We need an architecture that rejects momentariness, speed and fashion; instead of accelerating change and a sense of uncertainty architecture must slow down our experience of reality in order to create an experiential background for grasping and understanding change. Instead of current obsession with novelty, architecture must acknowledge and respond to the bio-cultural and archaic dimensions of the human psyche. Juhani Pallasmaa, Six Themes for the Next Millennium
Great acceleration is followed by a deceleration. It is necessary so that the power mechanisms wouldn’t be exhausted or destroyed. Certain vital functions of the mechanism are being individually shut down, and later we realize they were not vital after all, because the machine keeps moving anyway.

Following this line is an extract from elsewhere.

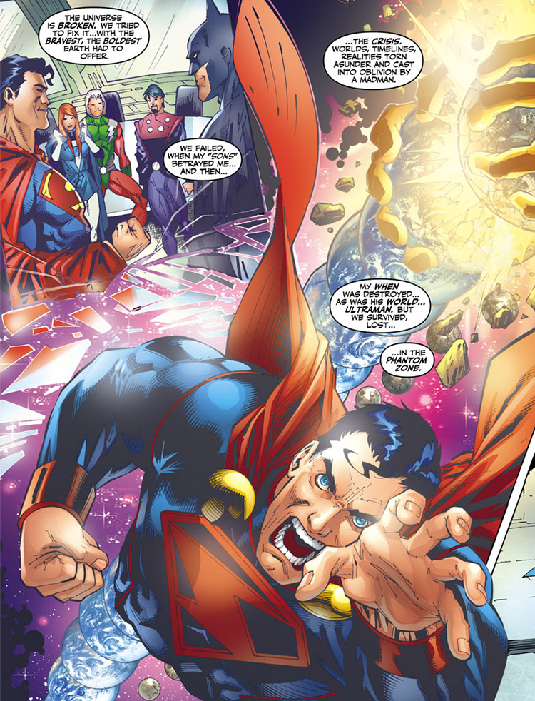 Following this new change to the timestream, Superman and Batman began reliving their deaths throughout numerous realities. They learned that the only way to stop the time fluctuations was to restore the damage at the source: at the Super-Villains' initial departure from the 31st century.

These days we are vividly becoming aware of this slowdown, now that various functions of living and movement freedom are being abolished, though at the same time, these new conditions open a variety of new insights and horizons. Many freedoms that have been taken away show us that we can, in fact, live unhindered even without them. It is as if some tectonic plates of habits had been moved and crushed in a deep geological abyss. These new moments, which are but an introduction into something yet to come – where the current order will be turned upside-down, present us with an opportunity to position ourselves within new frames of perception and reaction. Symbolically put, and with regards to the recent earthquake in Zagreb, we were left without decorations, which had no fundaments in the first place; they simply stood for what they were – mere decorations. Slowing down is likewise beneficial because of the increasing loss of the depth of experience and horizons. Otherwise, the 4-dimensional understanding of the environment is becoming flatter and flatter, abandoning us in space, surrounded by numerous images and information we do not know what to do with, how to apply them nor how to treat them.
Finally, slowing down can bring us back to our archaic origins, however, not to the period of fire and wheel invention, but rather to the discernment of the essential from the nonessential, due to the experience acquired so far. In an allencompassing social catharsis, we might proceed with the reduction of all that is irrelevant in order to reset the notions and start anew. That is what the crises are for.